In a year marked by hefty financial setbacks from electric vehicle investments, top executives at General Motors and Ford received significant pay increases. Despite GM recording a $7.9 billion write-down on its EV spending, CEO Mary Barra’s compensation rose to $29.9 million. Ford, facing its own $19.5 billion in EV-related losses, revised bonus criteria and awarded CEO Jim Farley a total of $27.5 million.
General Motors faced a substantial financial blow as it scaled back its electric vehicle program, leading to a $7.9 billion write-down. Regulatory filings reveal that Mary Barra, now in her twelfth year as GM’s CEO, earned $29.9 million in 2023, representing a 1.4 percent increase from the previous year. Barra’s base salary stood at $2.1 million, while her stock awards increased by 11 percent to $21.6 million. Meanwhile, her non-equity incentive plan compensation decreased by 26 percent to around $5 million.
Interestingly, Barra was not GM’s highest-paid executive. Chief product officer Sterling Anderson, who joined GM from Aurora Innovation, received a compensation package valued at $40.3 million, largely due to a substantial signing bonus. Other senior leaders, such as President Mark Reuss and CFO Paul Jacobson, also received notable raises.

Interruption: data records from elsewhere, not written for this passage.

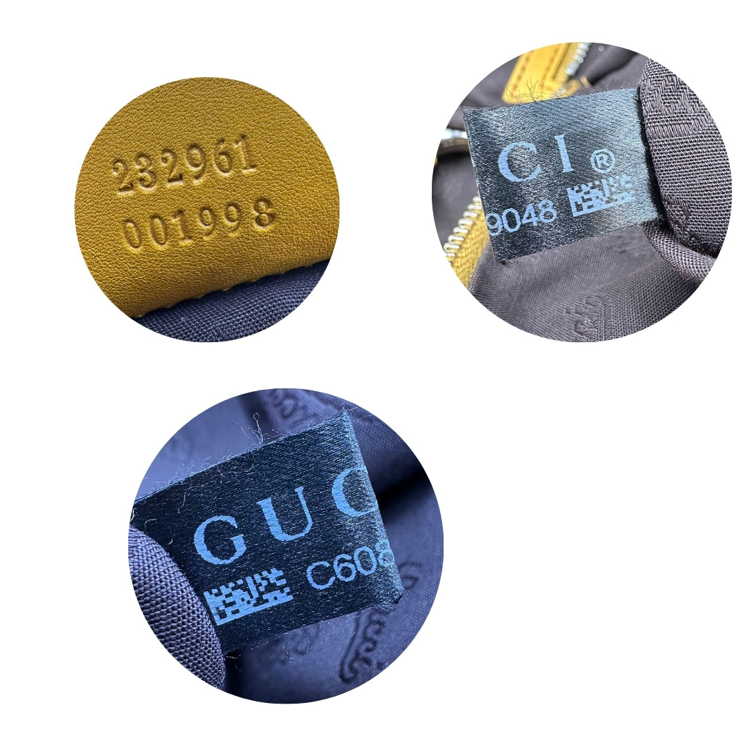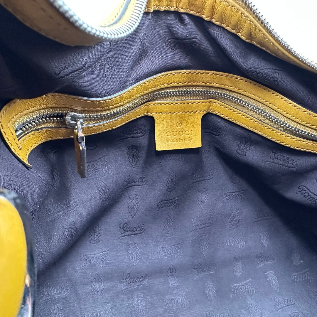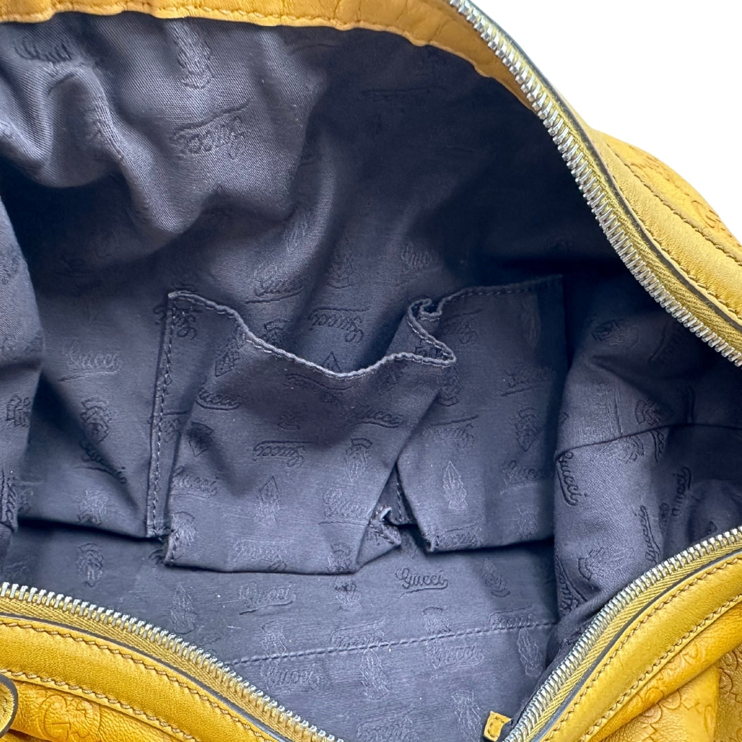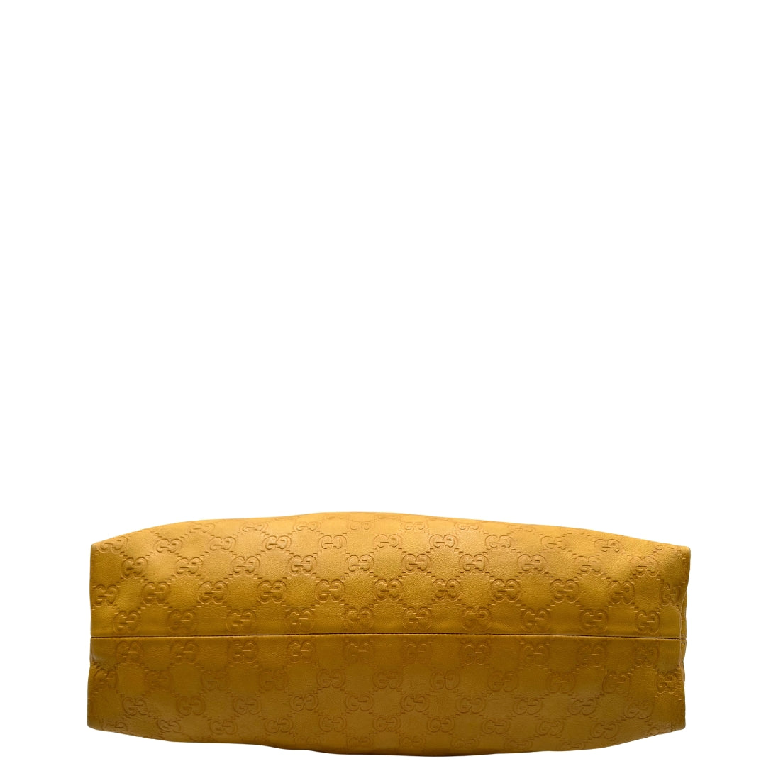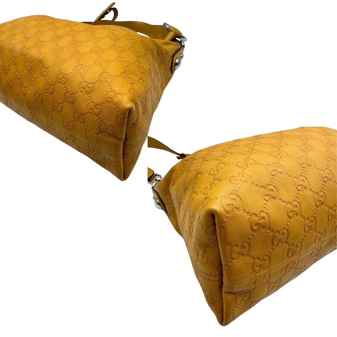 Descrizione: Borsa Hobo Gucci in pelle giallo senape con trama GG e parti metalliche argentate.
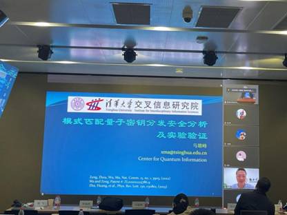 接下来,马雄峰对《模式匹配量子密钥分发安全分析及实验验证》进行了详细介绍,他在报告中提出模式匹配量子密钥分发在不需激光器锁频锁相的条件下可以实现远距离安全成码且在城域距离有较高成码率,极大地降低了协议实现难度,对未来量子通信网络构建具有重要意义。
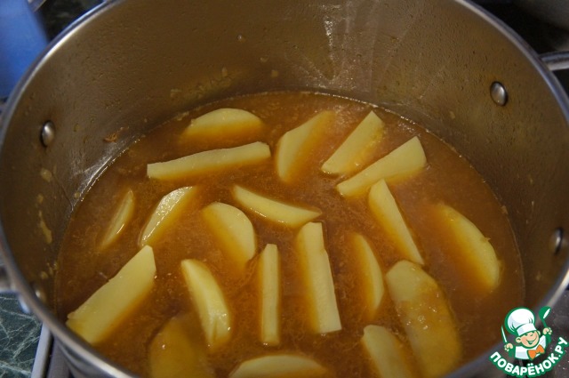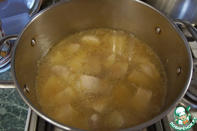 Вынуть все мясо шумовкой из кастрюли в миску, в бульон положить картофель, довести до кипения и варить на маленьком огне 5 минут.
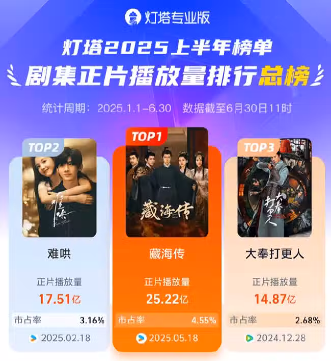 各位讀者,以上十部電視劇是2025上半年播放量最高的電視劇,你們看哪部了呢?你認為哪部最好看呢?
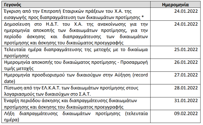 Το αναμενόμενο χρονοδιάγραμμα της ολοκλήρωσης της Αύξησης και της εισαγωγής προς διαπραγμάτευση των Νέων Μετοχών είναι το εξής:
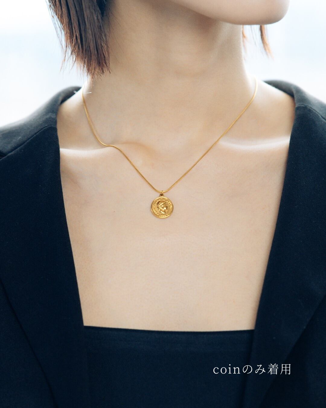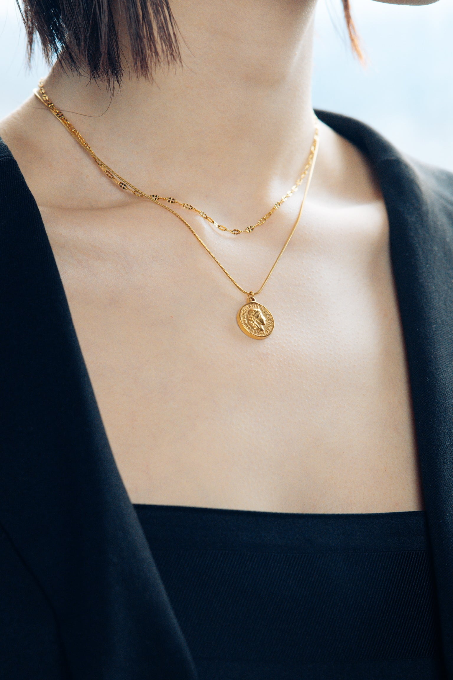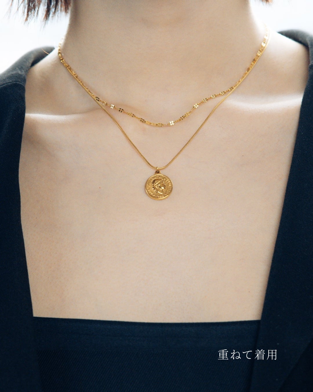 【人気No.1】重ね付けネックレス 2本セット|coin × wave(gold)

Ford’s electric vehicle strategy overhaul led to $19.5 billion in write-offs last year. However, the automaker changed its bonus rules to include not only electric vehicles but all electrified vehicles, such as hybrids. This adjustment allowed Ford to surpass its electrified vehicle sales targets, resulting in CEO Jim Farley’s pay increasing by 11 percent to $27.5 million. This was despite Ford posting an $8.2 billion annual loss, its largest since 2008.
A Ford spokesperson noted that Farley’s compensation reflects the company’s total performance, which included a 42 percent total shareholder return and record revenue. The company also emphasized the strategic importance of a diverse electrified vehicle portfolio and did not adjust bonus calculations for unexpected costs like tariffs.
Stellantis, another major automaker, also reported significant EV-related losses, taking a $26.2 billion hit due to over-investment in electric vehicles. CEO Antonio Filosa, who led the company for the latter half of the year, received $6.37 million in total compensation.
The disconnect between executive compensation and financial performance, particularly in the context of costly EV write-downs, is drawing attention across the industry. While automakers like GM and Ford continue to invest in electrification, the financial risks are substantial. Executive pay packages are being justified with metrics such as shareholder returns and overall company performance, even as direct EV losses mount. This approach could raise questions among investors and the wider public about accountability and long-term strategy. As the automotive sector navigates the challenging transition to electric mobility, how companies align executive incentives with sustainable financial results will remain a key issue. The evolution of bonus structures to include hybrids suggests that automakers are hedging their bets, reflecting ongoing uncertainty in the path toward full electrification.